*THE DATA*:
....

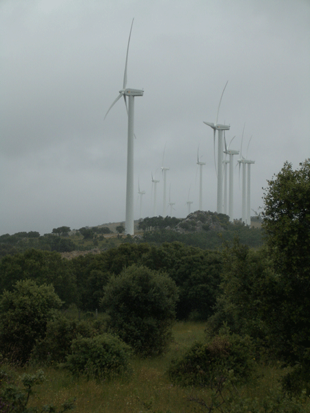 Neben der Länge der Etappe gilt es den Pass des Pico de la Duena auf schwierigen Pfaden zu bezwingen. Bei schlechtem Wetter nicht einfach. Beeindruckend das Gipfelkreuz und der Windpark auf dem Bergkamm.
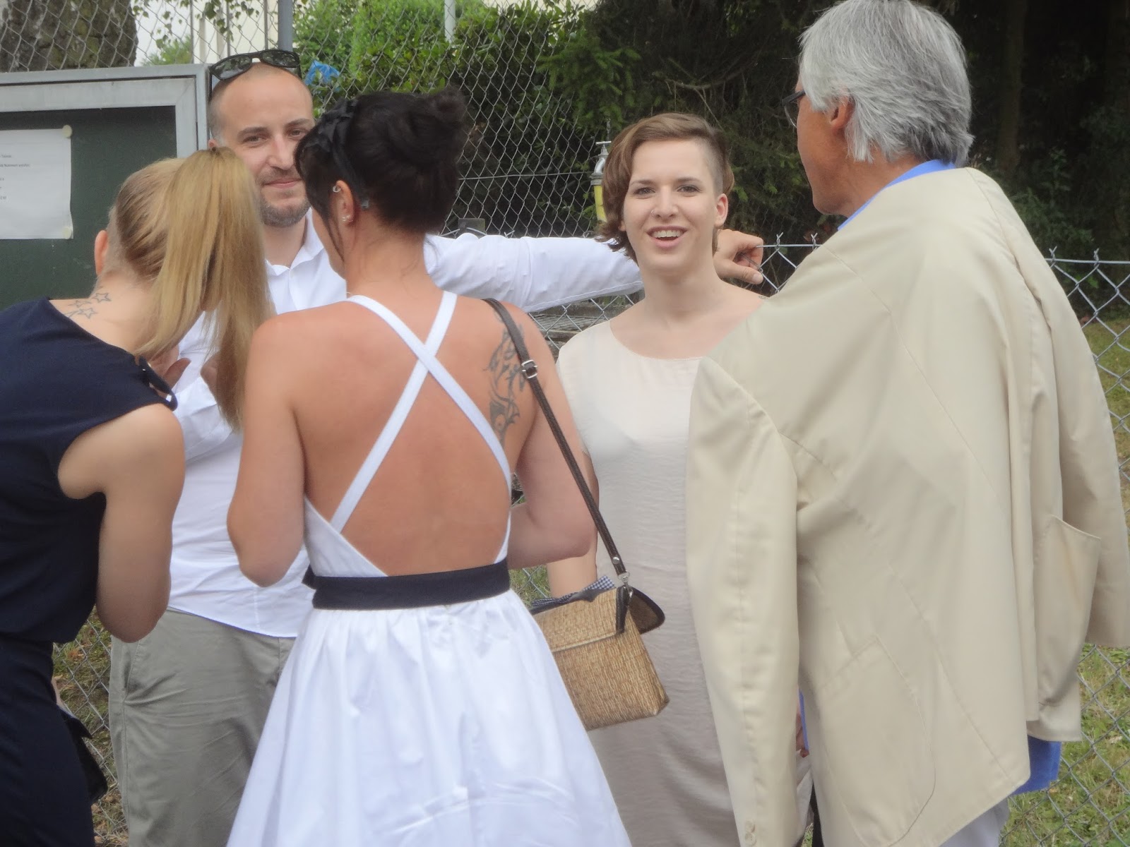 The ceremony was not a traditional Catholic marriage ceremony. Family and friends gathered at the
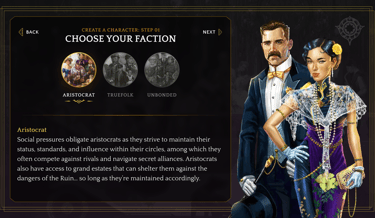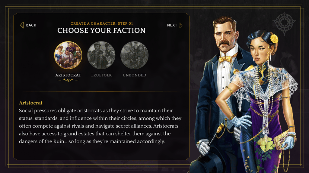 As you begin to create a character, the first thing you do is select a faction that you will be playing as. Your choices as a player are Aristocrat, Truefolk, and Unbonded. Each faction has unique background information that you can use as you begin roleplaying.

....

*AIM OF THE EXERCISE*: Make an exact copy of the listing above. Its pictures are not needed.

*TASK ANSWER*:
 Neben der Länge der Etappe gilt es den Pass des Pico de la Duena auf schwierigen Pfaden zu bezwingen. Bei schlechtem Wetter nicht einfach. Beeindruckend das Gipfelkreuz und der Windpark auf dem Bergkamm.
 The ceremony was not a traditional Catholic marriage ceremony. Family and friends gathered at the
 As you begin to create a character, the first thing you do is select a faction that you will be playing as. Your choices as a player are Aristocrat, Truefolk, and Unbonded. Each faction has unique background information that you can use as you begin roleplaying.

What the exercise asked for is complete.